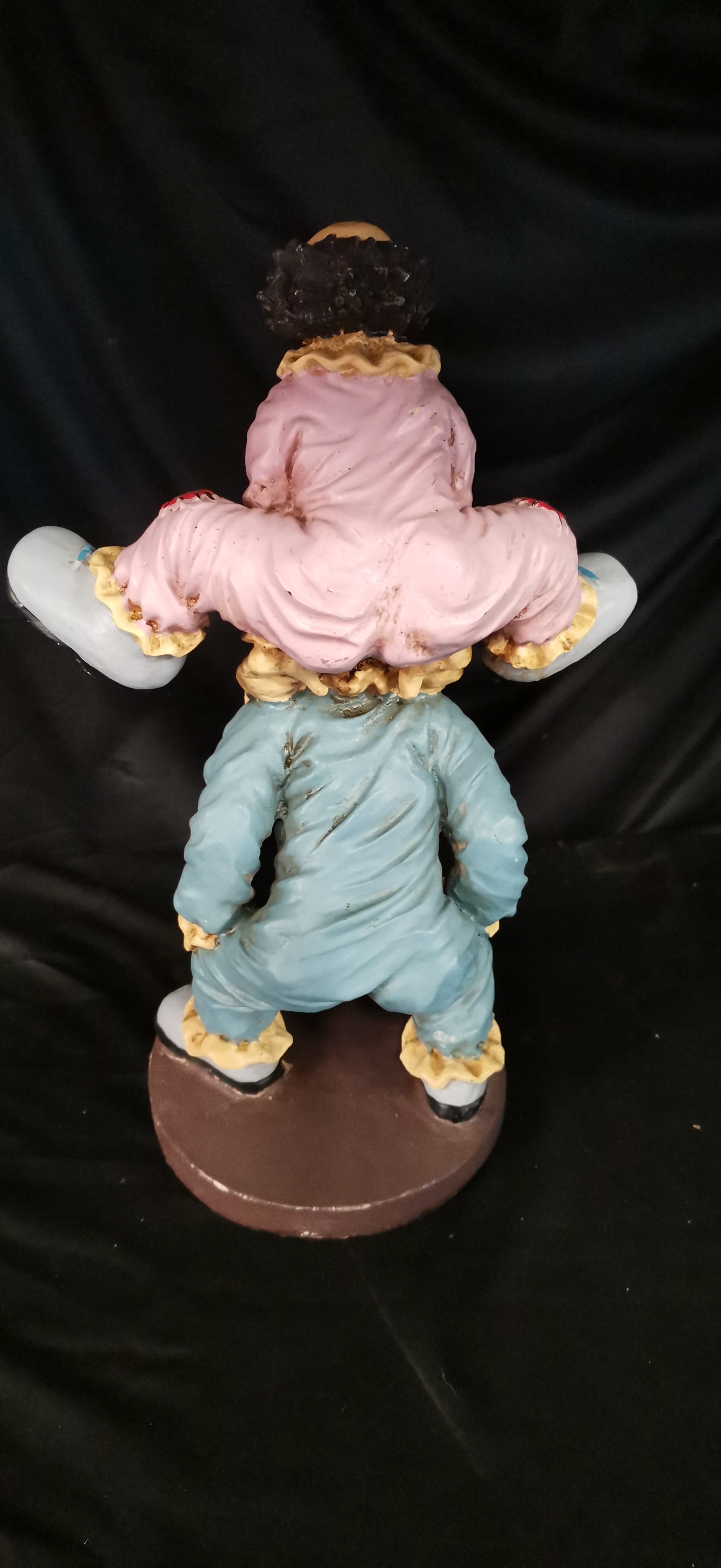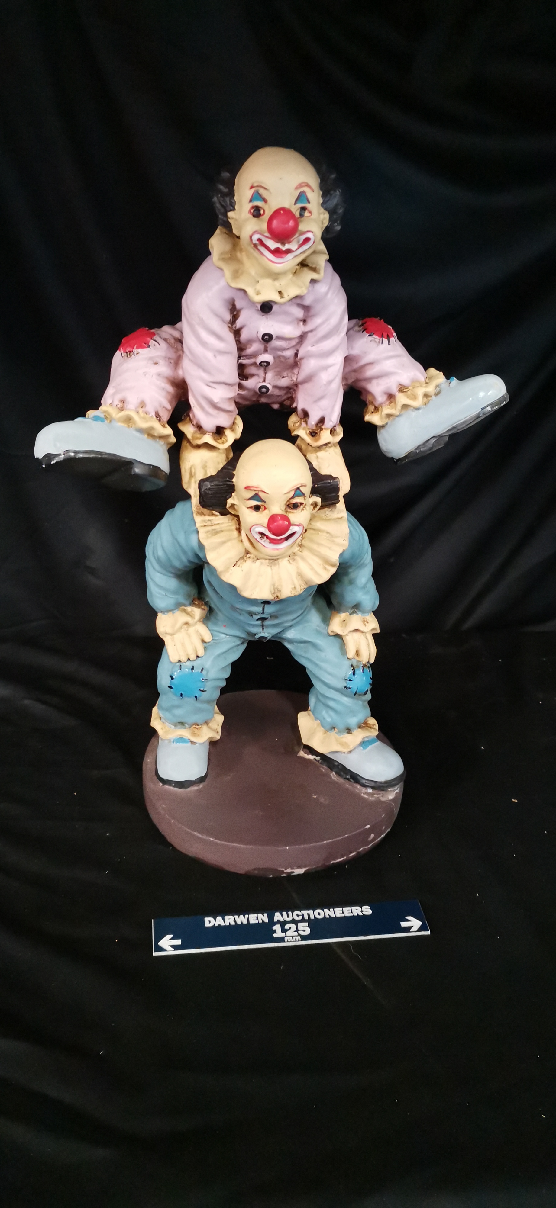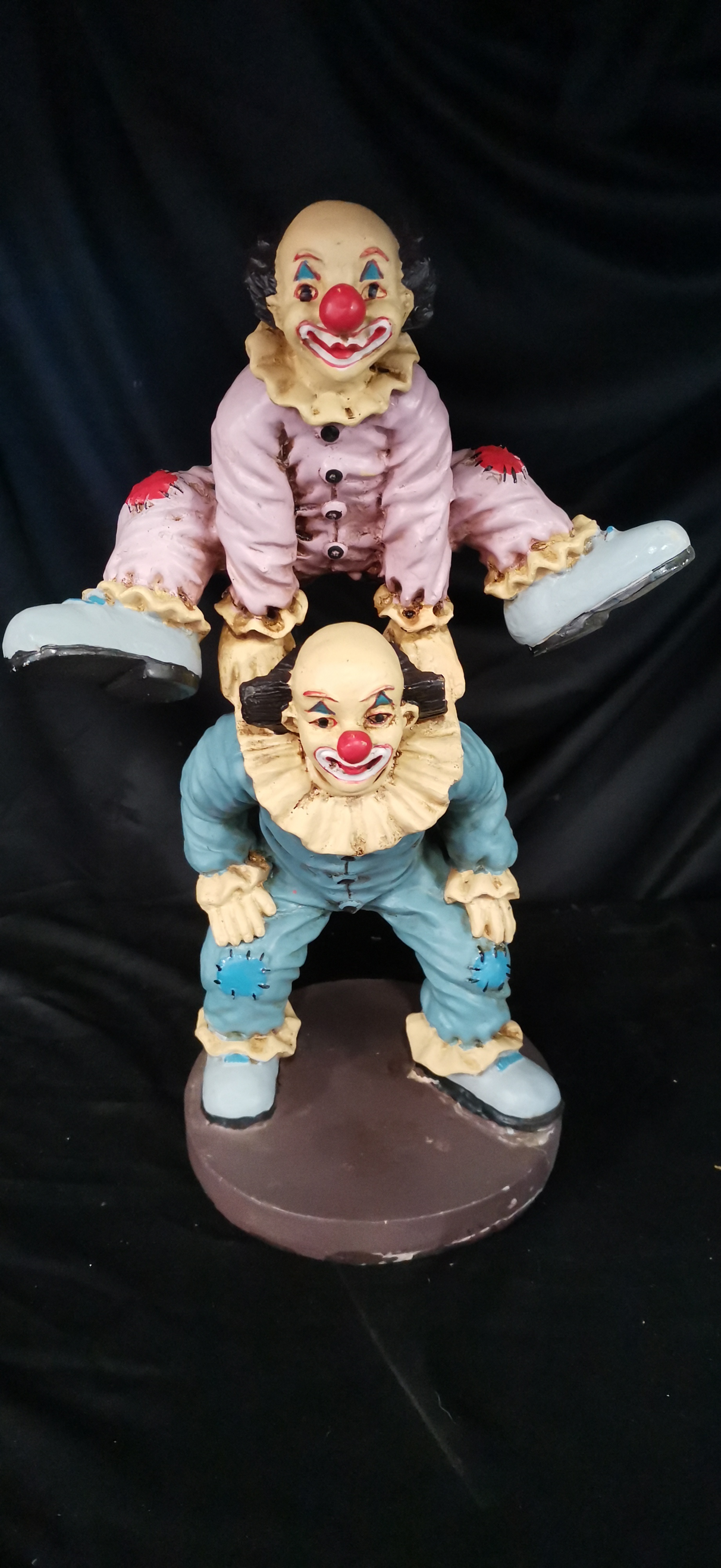 A hand painted figurine depicting two clowns in a leapfrog pose, one in a pink outfit and one in blue, mounted on a circular brown base with a width of approximately 125mm.
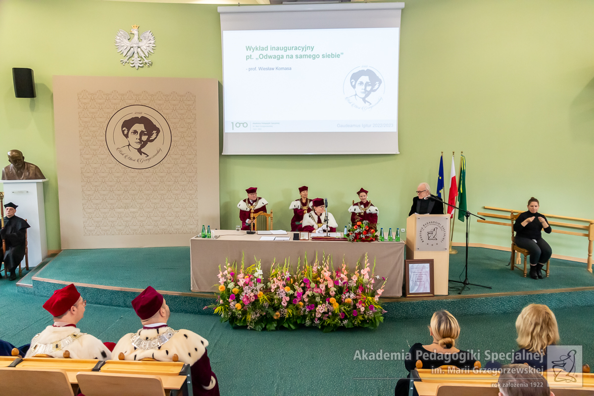 Uroczystość Inauguracji Roku Akademickiego 2022/2023 uświetnił wykład „Odwaga na samego siebie” Profesora Wiesława Komasy, aktora, reżysera teatralnego i pedagoga, od ponad 30 lat związanego z Akademią Teatralną w Warszawie.
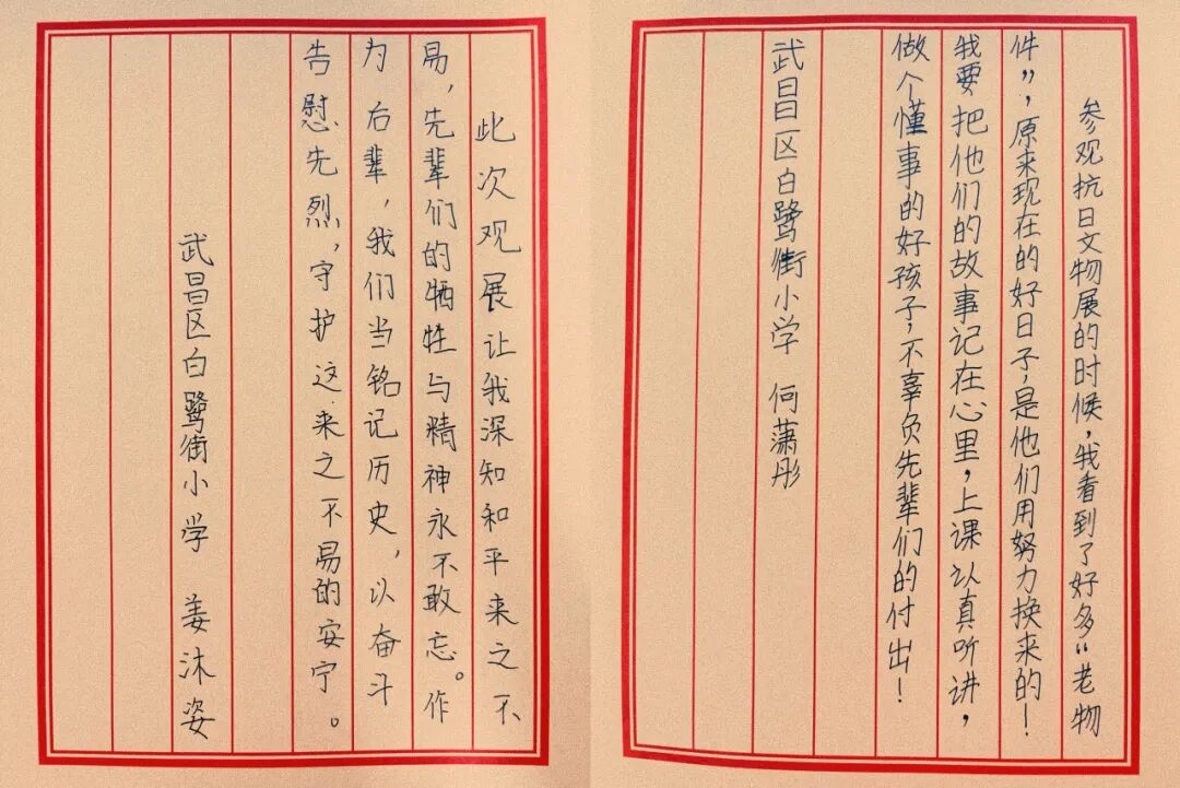 第一次這么近距離接觸抗戰(zhàn)文物,知道了很多抗戰(zhàn)英烈的故事,這些是我們在課本里接觸不到的。通過這節(jié)課我更加明白了,今天幸福生活的來之不易。以后要好好學(xué)習(xí),報效祖國。
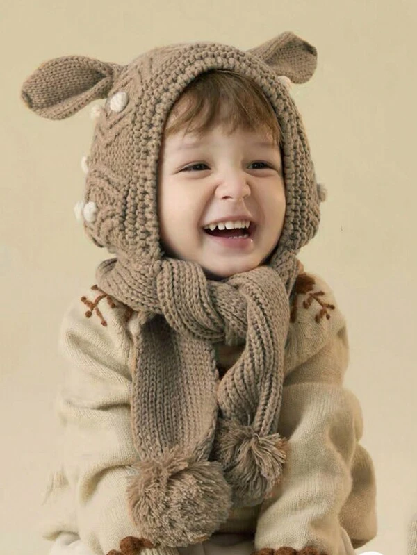 Girls Ear & Pom Pom Decor Hat With Scarf
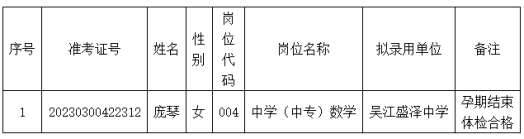 根據(jù)《2023年蘇州市吳江區(qū)教育系統(tǒng)公開招聘教師公告》,經(jīng)過考試、體檢、考核(政審)等程序,以下擬聘用人員予以公示。

——————————

Exclude all images, then retype the records above without alteration.

 A hand painted figurine depicting two clowns in a leapfrog pose, one in a pink outfit and one in blue, mounted on a circular brown base with a width of approximately 125mm.
 Uroczystość Inauguracji Roku Akademickiego 2022/2023 uświetnił wykład „Odwaga na samego siebie” Profesora Wiesława Komasy, aktora, reżysera teatralnego i pedagoga, od ponad 30 lat związanego z Akademią Teatralną w Warszawie.
 第一次這么近距離接觸抗戰(zhàn)文物,知道了很多抗戰(zhàn)英烈的故事,這些是我們在課本里接觸不到的。通過這節(jié)課我更加明白了,今天幸福生活的來之不易。以后要好好學(xué)習(xí),報效祖國。
 Girls Ear & Pom Pom Decor Hat With Scarf
 根據(jù)《2023年蘇州市吳江區(qū)教育系統(tǒng)公開招聘教師公告》,經(jīng)過考試、體檢、考核(政審)等程序,以下擬聘用人員予以公示。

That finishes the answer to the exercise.